House debates

Monday, 2 March 2026

Adjournment

Tertiary Education and Training

7:29 pm

Photo of Julian LeeserJulian Leeser (Berowra, Liberal Party, Shadow Attorney-General) Share this | Hansard source

Last Thursday, I told every public university in this country that, unless there are compelling reasons or exceptional circumstances, they should get rid of group assignments. The response has been profound. In the last five days, I've been flooded with responses from people across the country who shared their experiences. People feel deeply about this issue. On Friday, I spoke to a mum who told me that her daughters chose not to enrol in particular subjects to avoid group assignments. On the weekend, I spoke to another mum whose daughter had been penalised because someone else in the group had been caught using AI. And that's just the tip of the iceberg.

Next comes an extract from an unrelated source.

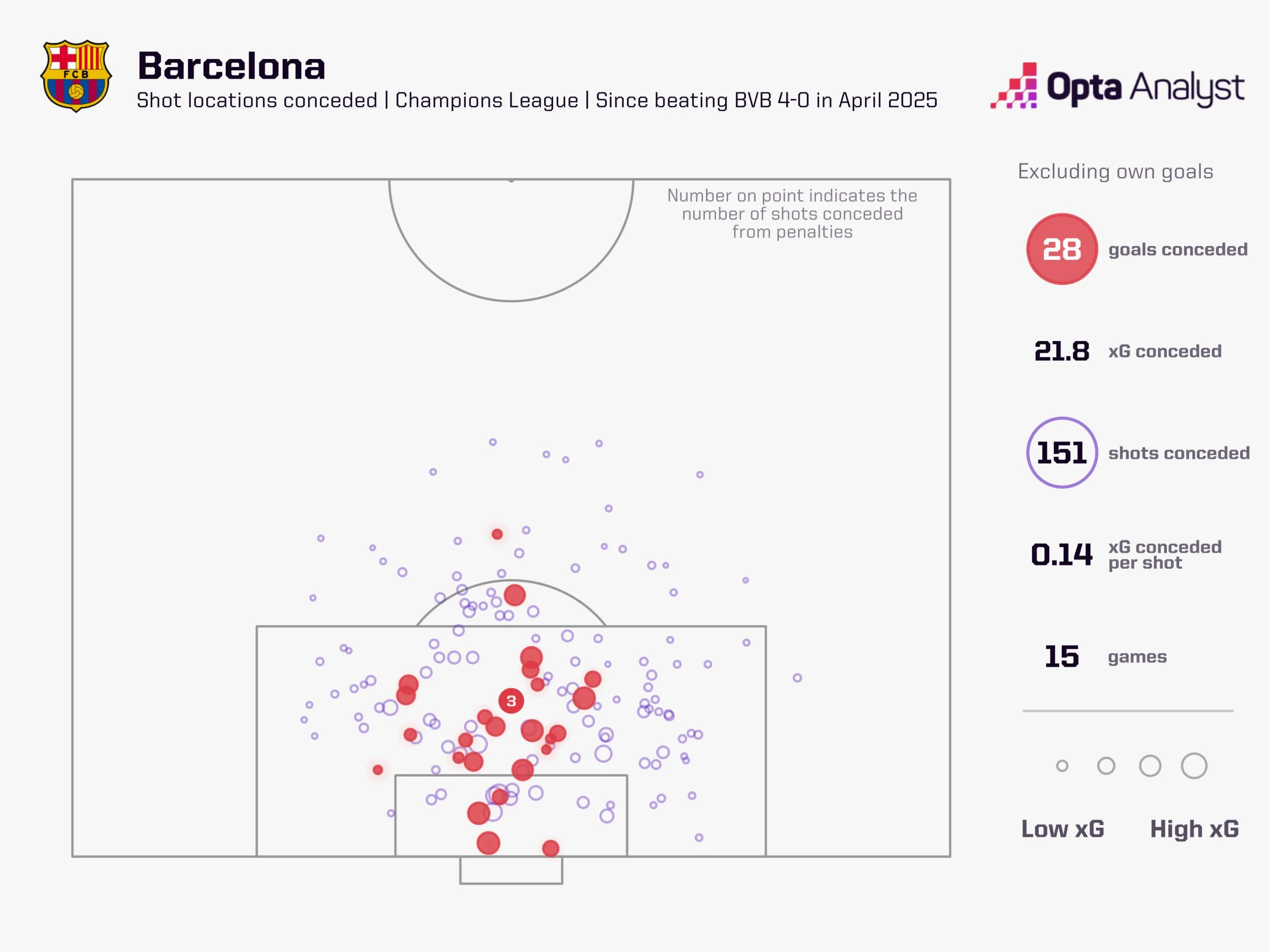 Барселона стала першою іспанською командою, якій забивали в 15 матчах ЛЧ поспіль. Останній "сухар" трапився у квітні 2025-го, в поєдинку проти Дортмунда. Цікаво, що на цьому відрізку команда ковтнула на 6,2 голів більше, ніж очікувалось. Крім того, каталонці пропустили 44-й гол у ЛЧ з моменту призначення Хансі Фліка – жоден клуб не пропускав стільки.

Since my speech, I've heard from thousands of students and teachers across Australia venting about their experiences, including people like Hilary, who said:

Group assignments are torture. It is virtually impossible to get others to do their fair share.

Steve wrote:

Spent 30 years working in universities. Could not agree more.

Laura said:

Agree—group assignments were horrible …

Alison wrote:

100% absolutely agree. I have just completed a 4-year nursing online degree where there was a considerable weighting on group work … It is a contrived and unrealistic replication of teamwork in the 'real world'.

Sarah wrote:

Group assignments for online degrees should be outlawed! The reason I'm studying online is because I'm a Mum to little ones & I don't have a uni near me but I'm expected to do a group assignment somehow? Insane!

Megan said:

I totally agree. Unless students are made accountable for their contributions a few are doing the work for everyone else.

Sharon started like this:

Totally agree. Our daughter and niece always were left to carry the others—even in high school.

Rontania said:

Absolutely agree. As a teacher I've seen too many kids get stuck with terrible groups and have to pull all the weight only to achieve a satisfactory grade.

Braden said:

I withdrew from a course because of the group assignments. Especially with adult education, where some students work shift work, juggling family responsibilities, it's not fair and feasible to be doing group assignments this day and age.

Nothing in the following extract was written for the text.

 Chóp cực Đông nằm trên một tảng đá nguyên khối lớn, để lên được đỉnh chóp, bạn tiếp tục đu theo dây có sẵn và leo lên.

Others disagree, and their main argument seems to be that, in the workforce, you often have to collaborate. I appreciate that. Collaboration is a good thing, and I understand that employers want graduates who can work with others. But, at a time when the integrity of the university assessment system is under attack and the purpose of a degree is to assess an individual's knowledge and skills, not a group's knowledge and skills, group assignments only weaken the standing of a degree, and, in too many cases, they are simply unfair.

The depth and volume of the response sends a clear message. This issue has hit a nerve, and there's a common thread. It's about fairness, and it's about the integrity of the degree. Students feel instinctively that, in many cases, it's deeply unfair to assess them individually based on the work of others. There's always that student who does the work and that student who reaps the benefit. A university degree is an individual certification. It tells the world that the individual student has met the required standard and that they have a particular set of knowledge and skills. In group assignments, too much of that falls away. In a sense, it's the same basic question that is being raised by the use of AI and cheating factories: is the individual student demonstrating they have the knowledge and skills to earn this degree? Have they been properly and fairly tested? In a group assignment situation, too often the answer is no.

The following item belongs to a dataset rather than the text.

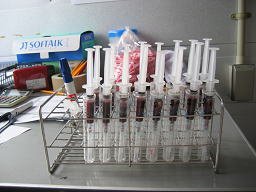 当場では、作業の効率化のため、鶏舎で採血した血液は写真のように注射筒に入れたまま血清分離させています。暖かいところで安置すれば、血清と血餅に自然分離します(インキュベーター使用の場合、41~42℃で2時間程度)。

On Friday, the Minister for Education was asked for his thoughts on the issue. Instead of answering, he used the opportunity to make a joke and give some gratuitous political commentary. He's a politician—fair enough. I'm a politician; I get it. But it's a shame, because this isn't about politics; it's about students. It's about 1.6 million students in higher education in this country for whom group assignments are a daily reality. I say to the minister: listen to the students who tell you they're being unfairly penalised; listen to those who are telling you that group assignments force them to carry others; and listen to the mums and the mature-age students who somehow have to fit study between work and caring and family responsibilities, who don't have the flexibility to work around three or four other people, who don't have time to do the lion's share of a project that is meant to be split and who can't hand in an assignment, which their group have left until the last minute, during their night shift. This isn't a small thing; it's the real life experience of students.

In conclusion, I say to the students and former students across this country: I'm listening. If you've had an unfair group assessment, if you could have been assessed in a better way—tell me. Let's make it better, because our system needs to be modern and it needs to be fair. To academics and university administrators around the country, I say this: unless there are compelling reasons or exceptional circumstances, I'm calling on you to get rid of group assignments. Thousands of students have now backed this in. I'm calling on the universities to listen.